Location
- 331 Main Street Yorktown, Texas 78164 United States
- Coordinates: 28°58′46″N 97°30′32″W﻿ / ﻿28.979518°N 97.508904°W

Information
- School type: Public, high school
- School district: Yorktown Independent School District
- Teaching staff: 18.18 (FTE) (2018–19)
- Grades: 9-12
- Enrollment: 156 (2018–19)
- Student to teacher ratio: 8.58:1 (2018–19)
- Colors: Black & Gold
- Athletics conference: UIL Class AA
- Mascot: Wildcats/Kittykats
- Website: www.yisd.org/1/home

= Yorktown High School (Texas) =

Yorktown High School is a public high school located in Yorktown, Texas (U.S.) and classified as a 2A school by the UIL. It is part of the Yorktown Independent School District located in southwestern DeWitt County.
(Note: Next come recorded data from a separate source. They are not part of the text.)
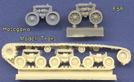 improving. One of the many gaps still remaining in Sherman availability however, are kits of the late war versions with the HVSS (Horizontal Volute Spring Suspension). One of the oldest plastic kits on the market, the Hasegawa M4A3E8 Sherman, was equipped with this suspension, but like the rest of that kit, the wheels and bogies are over-scale. No other plastic manufacturer has yet provided a replacement. Some resin companies have marketed a few HVSS Shermans, and they have all taken one of two routes in producing this suspension: they have either used modified Hasegawa kit parts, or they have used modified parts from the Matchbox 1/76th scale M40 (or M12?) HVSS kit. Unfortunately, neither of these solutions is appropriate for a good suspension in this scale. Fine Scale Factory sells three versions of HVSS Shermans: an Israeli M-51, an M4A3 with winter tracks, and a late-WW II/Korean-era M4A3 HVSS. All three of these kits use a modified suspension from the old Hasegawa kit. In order to improve upon the over-scale Hasegawa wheels, FSF reduced the diameter of the wheels by thinning the tires. This has indeed brought the overall size of the wheels closer to correct for the scale, but they do, however, look a little strange with a large wheel but very thin rubber tire. Still, it is certainly an improvement over the Hasegawa parts. (They also improved the bogie suspension a bit and added nice bolt detail to the wheel rims). Several companies have used Matchbox HVSS parts for their Sherman kits, including Modell Trans, Exokit, and Ca.Ma. Unfortunately, these wheels and suspension parts are far too small for 1/72nd scale.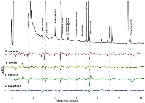 Gas chromatograph-coupled electroantennogram detection response of the four tephritid pest species tested to the headspace extract of the mixture of food-baits. Top trace (black): GC-FID trace of the headspace of the mix of bait; bottom 4 traces (colored): EAD traces for the four fruit fly species tested.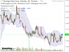 • Nun hat es Teranga geschafft , binnen kürzester Zeit , einen Doppelboden zu produzieren , d.h sie widerspiegelt einen POG-Kurs von 1160 $ , obwohl wir bei 1184$ stehen ! Fundamental ist alles in Ordnung , warum dann dieses Vorauslaufen ? Ganz normal ist das nicht . Die stärkeren Aktien zeigen ein andes Verhalten. Vermutl. hat hier jemand kalte Füße bekommen - ich habe jedenfalls den Doppelboden genutzt , um meine Position um 50% zu vergrößern.

In 2015, the school was rated "Met Standard" by the Texas Education Agency.

==Athletics==
The Yorktown Wildcats compete in the following sports -

- Baseball
- Basketball
- Cross Country
- Football
- Golf
- Powerlifting
- Softball
- Tennis
- Track and Field
- Volleyball

===State Titles===
- One Act Play -
  - 1995(2A)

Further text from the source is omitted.